Court Walsh was a public school teacher for 30 years and took to writing fiction upon retirement. His stories have been published in "Hunger Mountain," "New Orphic Review," "The Long Story," "Callaloo," "Uncle John's Bathroom Reader," "Kentucky Review," "Moon City Review," and "Marathon."
Adam Webster is a writer of fictions (poet, playwright, short stories) and a visual artist in the graduate program at School of the Art Institute of Chicago with a focus on visual poetry, text-based sculpture and short fiction. Also a theatre artist, Adam has produced over 100 plays; written adaptations of "Lysistrata," "Hippolytus," Life Is a Dream," and Stephen Crane's "Maggie: A Girl of the Streets"; more than a dozen short plays that have been produced; and three fuller-length solo pieces, which he has performed.

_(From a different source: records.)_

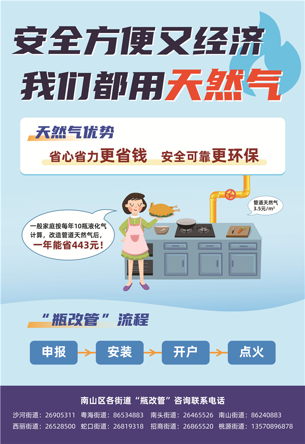 1月10日,《南山區全面實施「瓶改管」工作方案》正式印發,標誌着深圳市南山區「瓶改管」工作全面啟動。符合「瓶改管」條件的居民和業主,只需要「四步」就可以輕鬆和煤氣瓶說「拜拜」。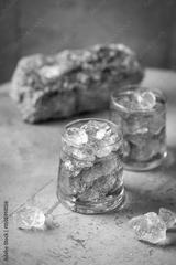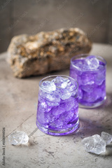 Blueberry purple drink with ice in a glass on gray stone background. A summer refreshing drink.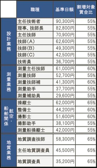 * 設計業務(7職階): 前年度比4.2%上昇し、平均6万2157円となった。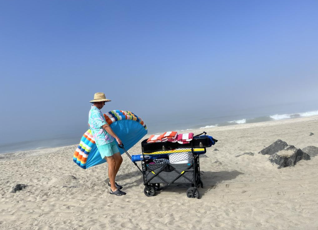 Spending time on the beach, observing people and their stuff, reminds me of this tendency. The way we approach going to beach is a good example of our attachment to stuff. Preparation to go down to the beach can be time-consuming and constitute a good deal of effort in the hauling to and from. The picture is taken this morning, real time; is the transporter missing anything?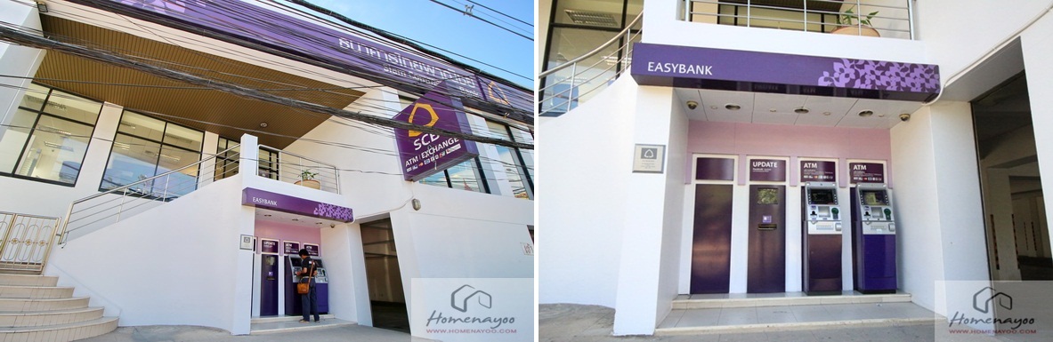 ซ้ายมือมีธนาคารไทยพาณิชย์ เปิดให้บริการ ชั้นล่างของธนาคารจะมีตู้ ATM และเครื่องอัพเดท Book Bank เปิดให้บริการตลอด 24 ชม.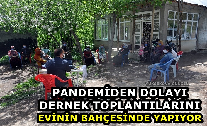 Yüksekova Engelli Bireyler Yardımlaşma ve Dayanışma Derneği Başkanı Mehmet Salih Diler, pandamiden dolayı dernek toplantılarını Büyükçiftlik beldesinde bulunan köyündeki evinin bahçesinde yapıyor.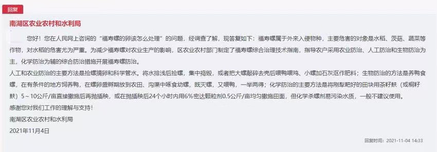 獲悉留言后,南湖區農業農村和水利局在回復中表示,福壽螺屬于外來入侵物種,主要危害的對象是水稻、茨菇、蔬菜等作物,對水稻的危害尤為嚴重。為減少福壽螺對農業生產的影響,南湖區農業農村部門制定了福壽螺綜合治理技術指南,指導農戶采用農業防治、人工防治和生物防治為主,化學防治為輔的綜合防治措施開展福壽螺防治。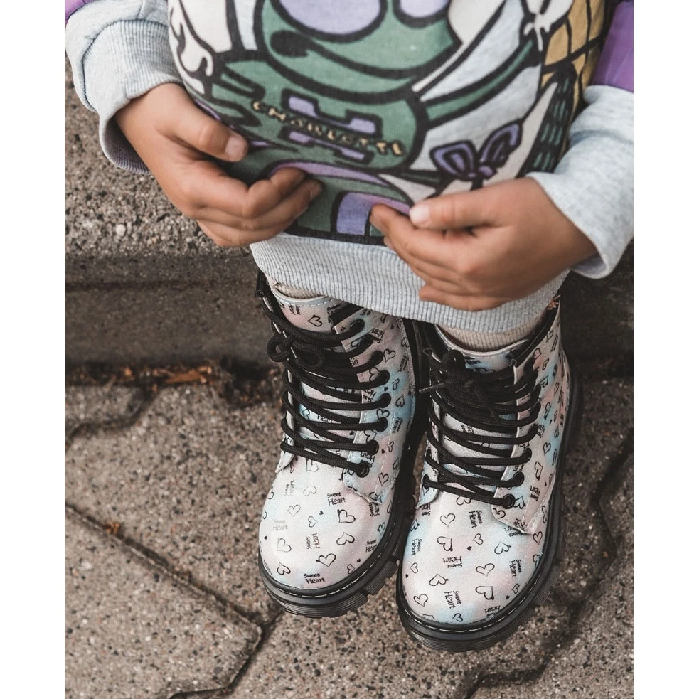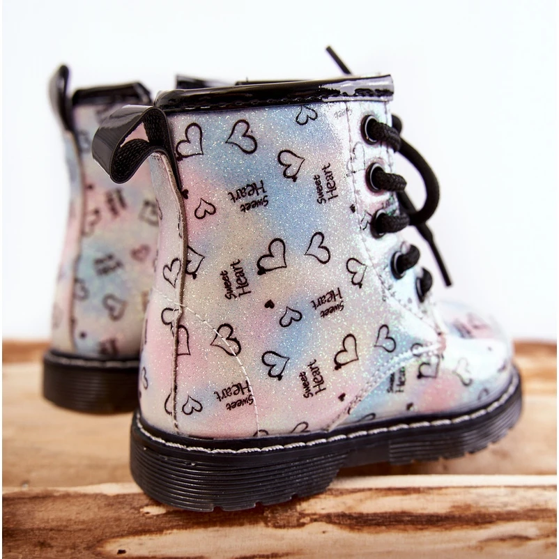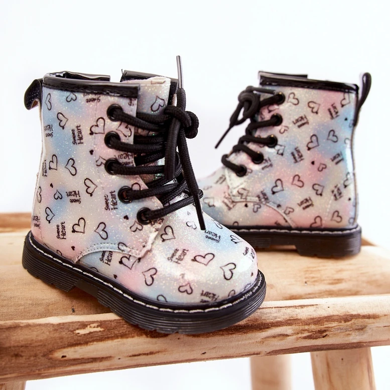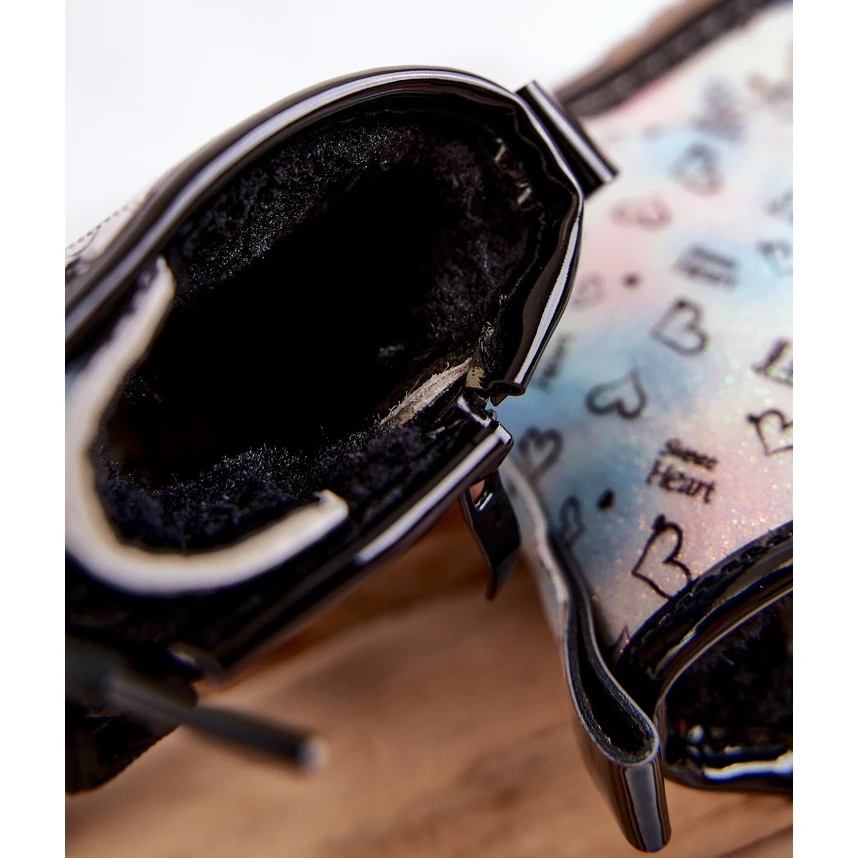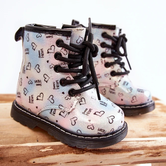 De belles bottes pour filles sont fabriquées en cuir écologique dans un motif à la mode. De plus, ils sont décorés de paillettes. Les bottes ont une fermeture éclair sur le côté de la tige et un laçage classique. Bottes montées sur un talon plat et une plateforme avec une semelle antidérapante. De plus, il est cousu avec du fil. À l’intérieur, ils étaient isolés avec une couverture à chaussures. Un super modèle pour votre tout-petit ! Lorsque vous choisissez une taille, veuillez utiliser le tableau des tailles.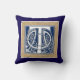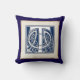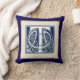 Une belle lettre céleste en relief décoratif illuminée de têtes de dragon gris sur un arrière - plan bleu foncé velouté. Ce coussin a une double bordure de motifs en pierre, la lumière avec un bord foncé sur un côté, qui est vénéré à l'arrière. Changez l'arrière - plan pour l'adapter à votre décor.
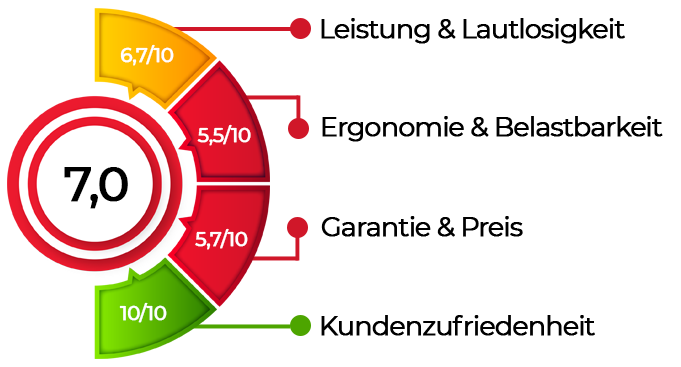 Der Titan ist der mit Abstand stabilste Tisch im Test. Wer einen Schreibtisch sucht, der auch unter maximaler Belastung souverän bleibt und gleichzeitig leise arbeitet, findet hier die Referenzklasse. Die lange Garantie unterstreicht den Anspruch auf dauerhafte Nutzung.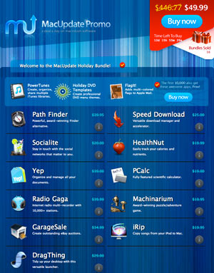Radio Gaga, Path Finder, Yep, GarageSale, DragThing, Socialite, Speed Download, HealthNut, Machinarium e PCalc sono l’offerta meno gustosa di quella dello scorso maggio, ma pur sempre interessante e di un valore complessivo di 447 dollari. Inoltre i primi 10.000 che acquisteranno il pacchetto scontato per soli 50 dollari (34 euro) potranno scaricare anche FlagIt!, Holiday DVD e PowerTunes gratis.

Melissa Wiley is a freelance writer living in Chicago. Her lyric essays have appeared in literary magazines including Prick of the Spindle, Eclectica Magazine, Tin House Open Bar, Stirring: A Literary Collection, Split Lip Magazine, Menacing Hedge, Beetroot Journal, Lowestoft Chronicle, Pithead Chapel, Specter, Flyover Country Review, Great Lakes Review, and the museum of americana.
Sarah Ann Winn lives in Virginia. Her poems have appeared or will appear in Hobart (online), Massachusetts Review, Nashville Review, Quarterly West, and RHINO, among others. Her chapbook, Portage, was released by Sundress Publications in February 2015. Visit her at http://bluebirdwords.com or follow her @blueaisling on Twitter.
Colin Winnette is the author of several books. He lives in San Francisco.
Dallas Woodburn, a recent Steinbeck Fellow in Creative Writing at San Jose State University, has published fiction and nonfiction in Zyzzyva, Fourth River, Superstition Review, The Los Angeles Times, North Dakota Quarterly, and Monkeybicycle, among many others. Her short story collection was a finalist for the Flannery O’Connor Award for Short Fiction, the Augury Books Prose Award, and the Horatio Nelson Fiction Prize. She is the founder of Write On! For Literacy, an organization that empowers young people through reading and writing endeavors: www.writeonbooks.org.
Holly Wotherspoon is an adoption attorney living and writing in the rolling hills north of San Francisco, after returning from an extended sojourn in the Pacific Northwest. She is a poet, naturalist, and irreverent art tour guide. A member of River Town Poets, she loves writers’ retreats and reads her poems around the North Bay area. Her publications include forthcoming poems in Unbroken and Mulberry Fork Review as well as incredibly boring articles in legal journals.
Anne K. Yoder’s fiction, essays, and criticism have been published Fence, Bomb, and Tin House, among other publications. She is a staff writer for The Millions, co-editrix of Projecttile, a journal of nontraditional writing with a feminist bent, and a member of Meekling Press. She lives in Chicago, where she’s at work on a novel.